*Directions*
Transcribe every line of the material below exactly, leaving out the pictures.

*Information provided*

• • • •

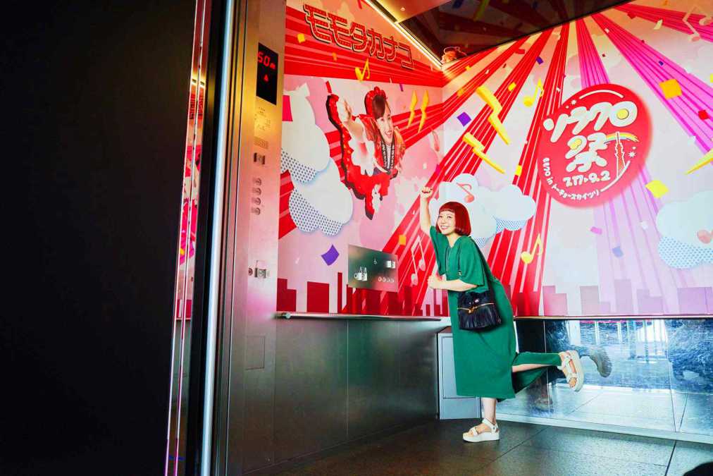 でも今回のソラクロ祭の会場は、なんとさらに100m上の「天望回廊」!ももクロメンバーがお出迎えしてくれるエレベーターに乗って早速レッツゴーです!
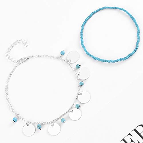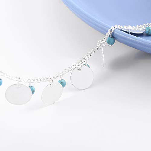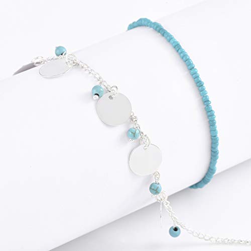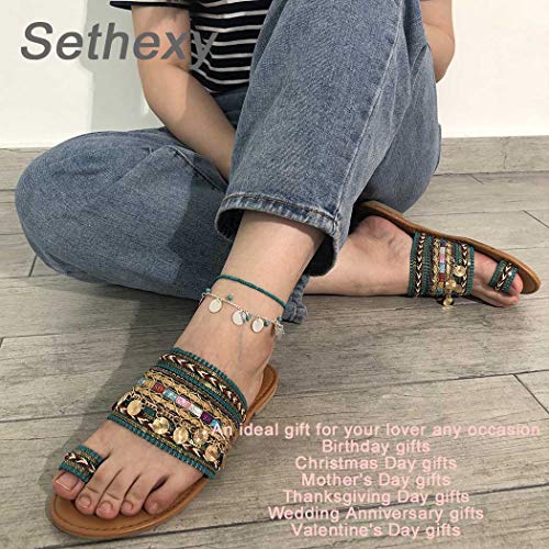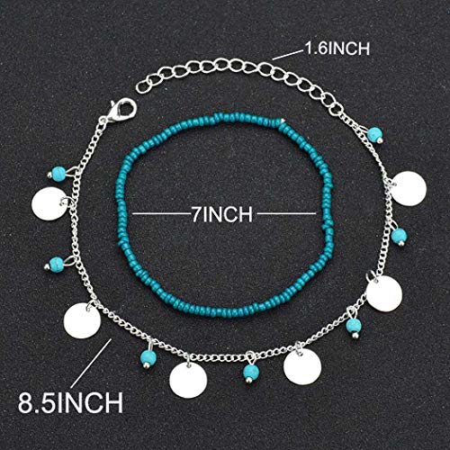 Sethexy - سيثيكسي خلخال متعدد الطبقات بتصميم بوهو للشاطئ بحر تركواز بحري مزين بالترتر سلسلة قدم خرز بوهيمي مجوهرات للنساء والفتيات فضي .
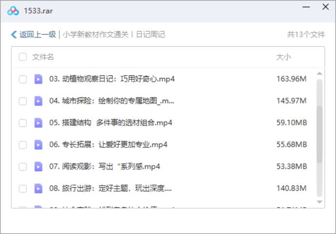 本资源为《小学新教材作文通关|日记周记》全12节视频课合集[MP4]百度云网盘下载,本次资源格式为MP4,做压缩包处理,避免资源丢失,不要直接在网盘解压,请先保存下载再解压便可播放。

• • • •

*Answer for the task*
 でも今回のソラクロ祭の会場は、なんとさらに100m上の「天望回廊」!ももクロメンバーがお出迎えしてくれるエレベーターに乗って早速レッツゴーです!
 Sethexy - سيثيكسي خلخال متعدد الطبقات بتصميم بوهو للشاطئ بحر تركواز بحري مزين بالترتر سلسلة قدم خرز بوهيمي مجوهرات للنساء والفتيات فضي .
 本资源为《小学新教材作文通关|日记周记》全12节视频课合集[MP4]百度云网盘下载,本次资源格式为MP4,做压缩包处理,避免资源丢失,不要直接在网盘解压,请先保存下载再解压便可播放。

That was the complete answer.